**INSTRUCTIONS FOR THE TASK:** Only the lines from the beginning of the data through the one with "連云港宵洋物流有限公司原鹽異地轉(zhuǎn)運邀標(biāo)公告" belong in the answer, each retyped exactly, with pictures left out.

**RECORDS FOR THE EXERCISE:**
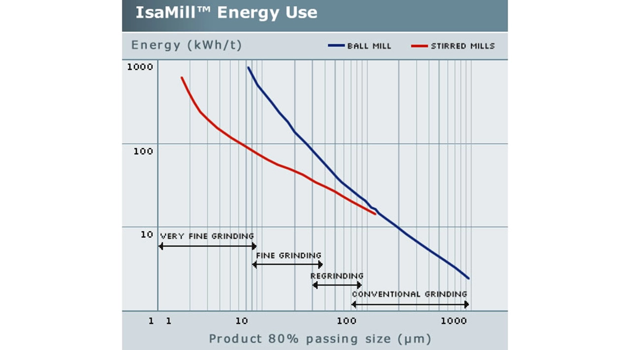 研磨介质粒径越小,其表面积越大,进而促进了更高效的能量传递过程。尽管塔磨机采用完全磨蚀研磨方式,但其研磨介质粒径受限,通常使用12至25毫米的粗球介质,这在一定程度上影响了其研磨效率。相比之下,IsaGrind则能够使用更细小的研磨介质(如1毫米),并具备更高的功率输入强度,从而显著提升了研磨效率。
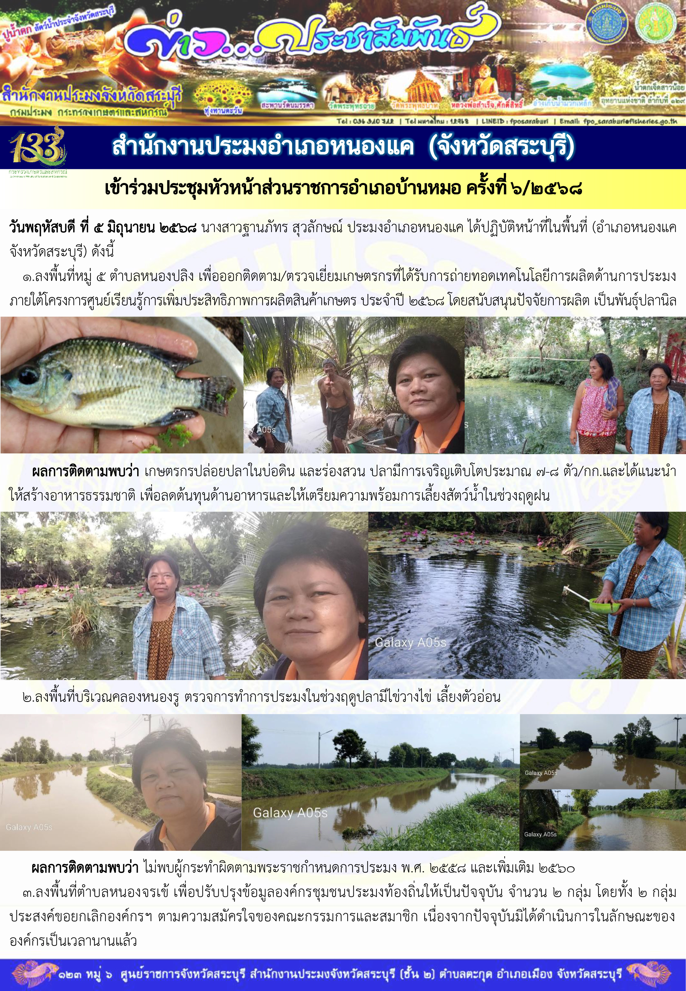 วันพฤหัสบดี ที่ ๕ มิถุนายน ๒๕๖๘ นางสาวฐานภัทร สุวลักษณ์ ประมงอำเภอหนองแค ได้ปฏิบัติหน้าที่ในพื้นที่ (อำเภอหนองแค จังหวัดสระบุรี) ดังนี้
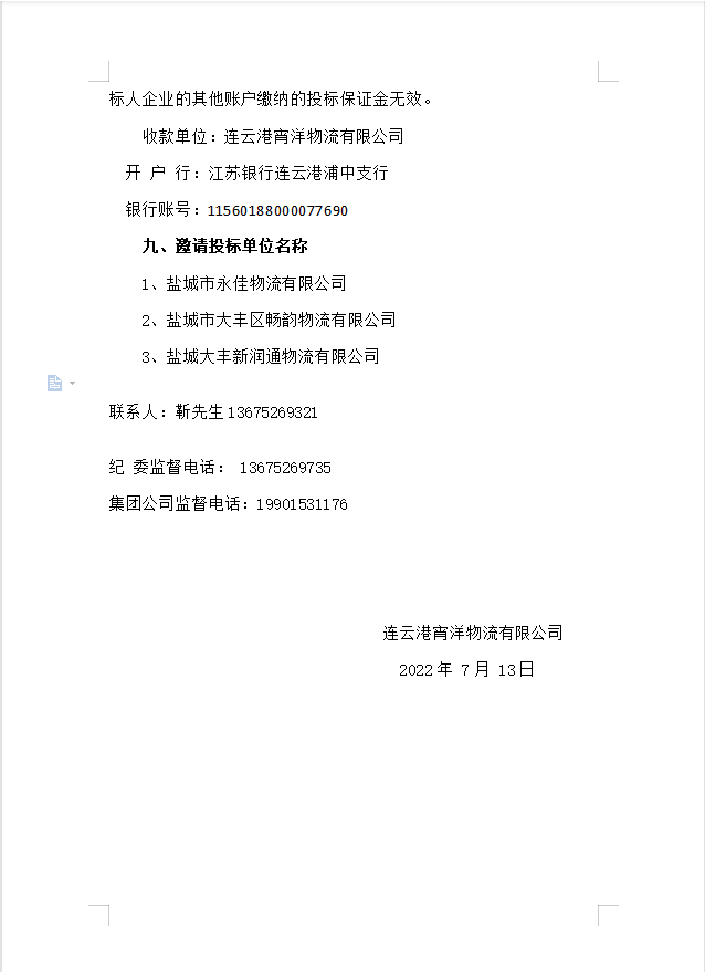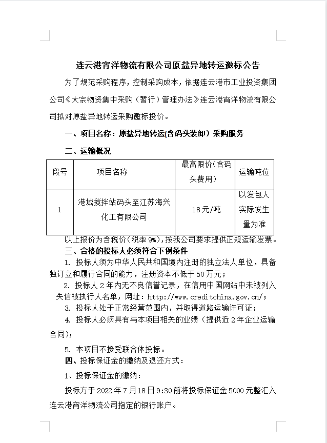 連云港宵洋物流有限公司原鹽異地轉(zhuǎn)運邀標(biāo)公告
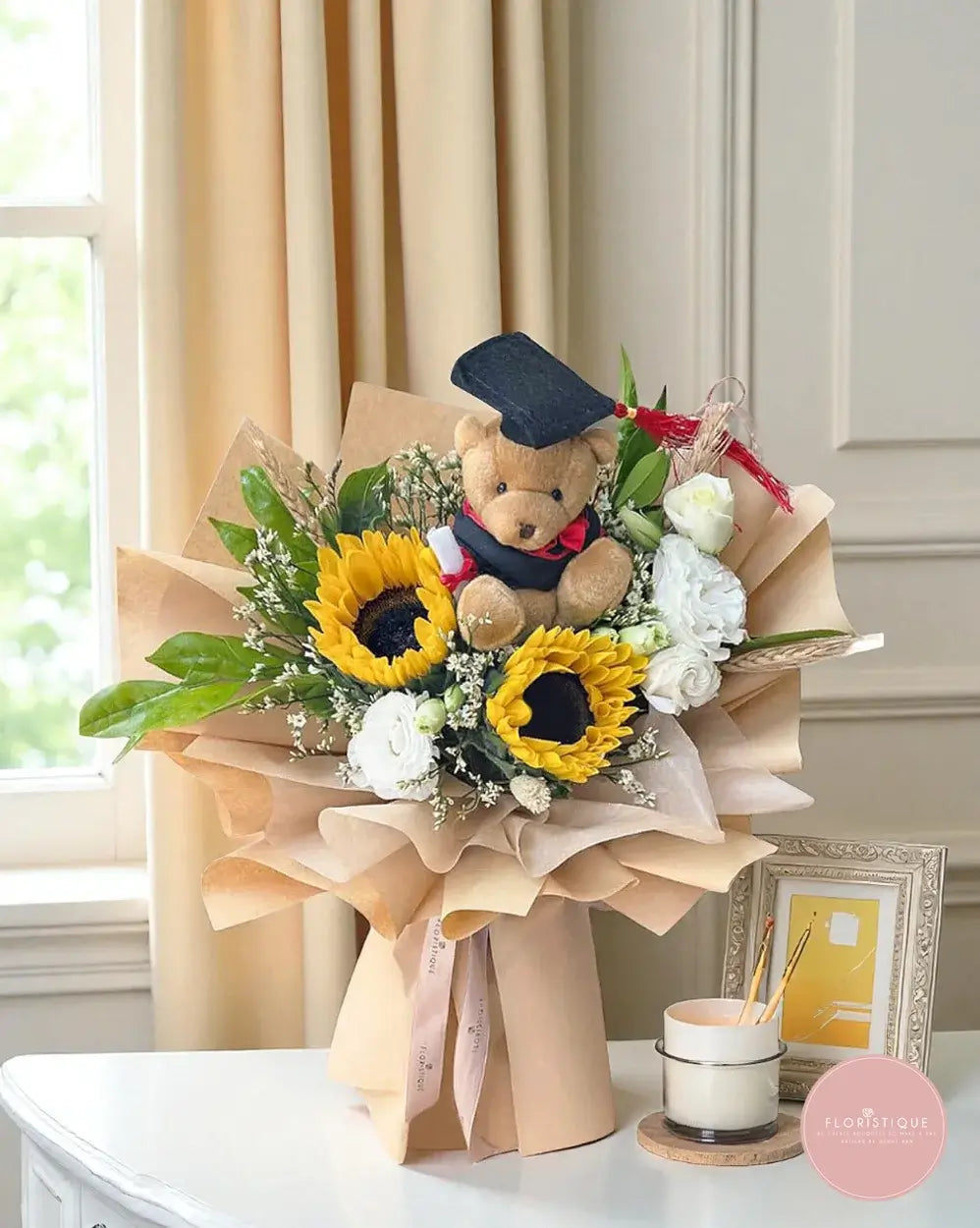 Thoughtfully handcrafted by our florists in Singapore, this graduation bouquet is available with free same day flower delivery Singapore. Uplifting and memorable, it’s a delightful way to send warm wishes and pride on their special day.
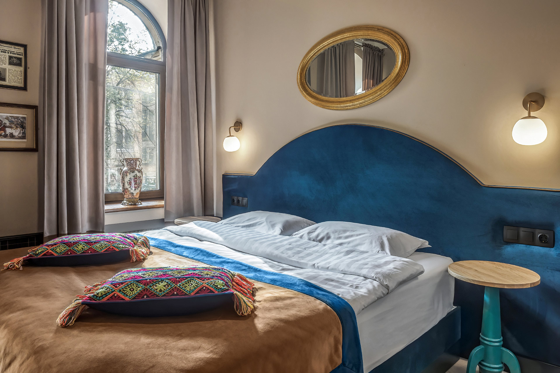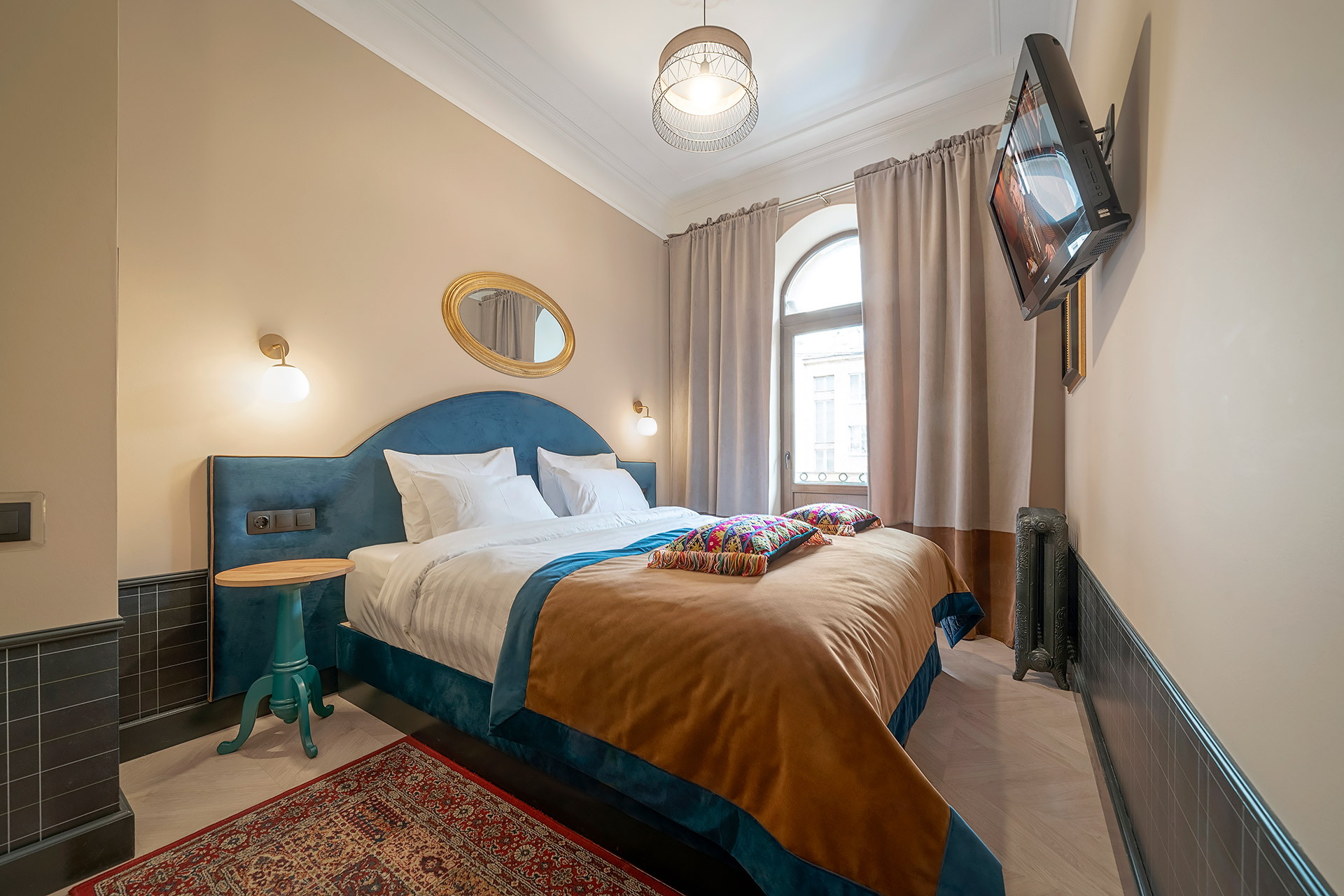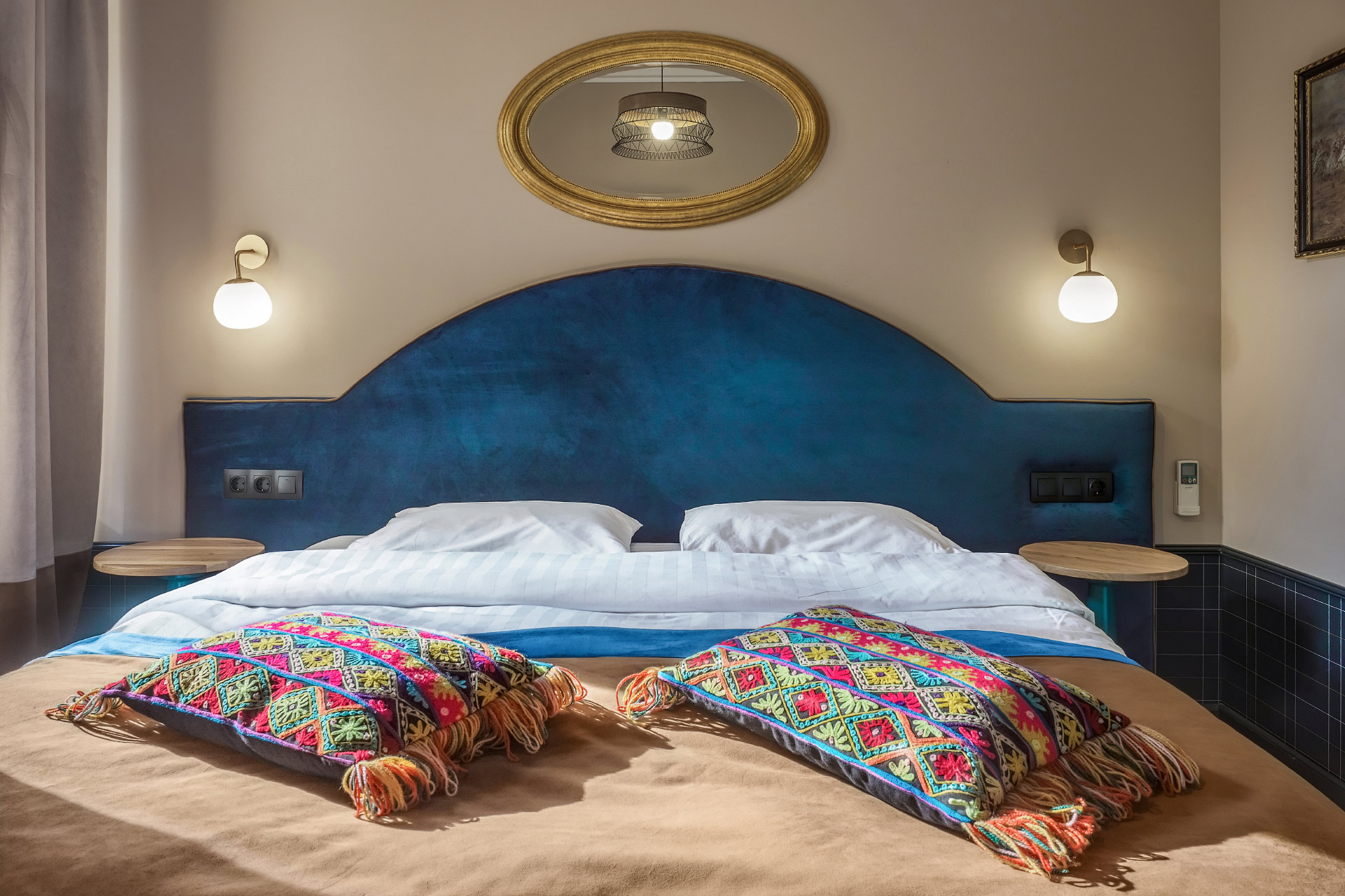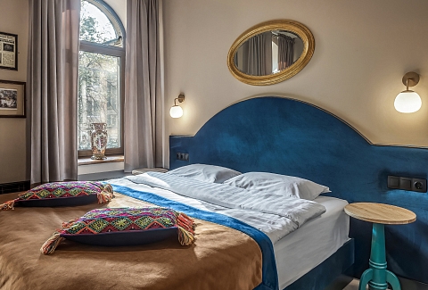 В номере: вешалка, зеркало, кресло-кровать, кровать двуспальная, прикроватные тумбочки, стол, шкаф, кондиционер, телевизор

**EXERCISE ANSWER:**
 研磨介质粒径越小,其表面积越大,进而促进了更高效的能量传递过程。尽管塔磨机采用完全磨蚀研磨方式,但其研磨介质粒径受限,通常使用12至25毫米的粗球介质,这在一定程度上影响了其研磨效率。相比之下,IsaGrind则能够使用更细小的研磨介质(如1毫米),并具备更高的功率输入强度,从而显著提升了研磨效率。
 วันพฤหัสบดี ที่ ๕ มิถุนายน ๒๕๖๘ นางสาวฐานภัทร สุวลักษณ์ ประมงอำเภอหนองแค ได้ปฏิบัติหน้าที่ในพื้นที่ (อำเภอหนองแค จังหวัดสระบุรี) ดังนี้
 連云港宵洋物流有限公司原鹽異地轉(zhuǎn)運邀標(biāo)公告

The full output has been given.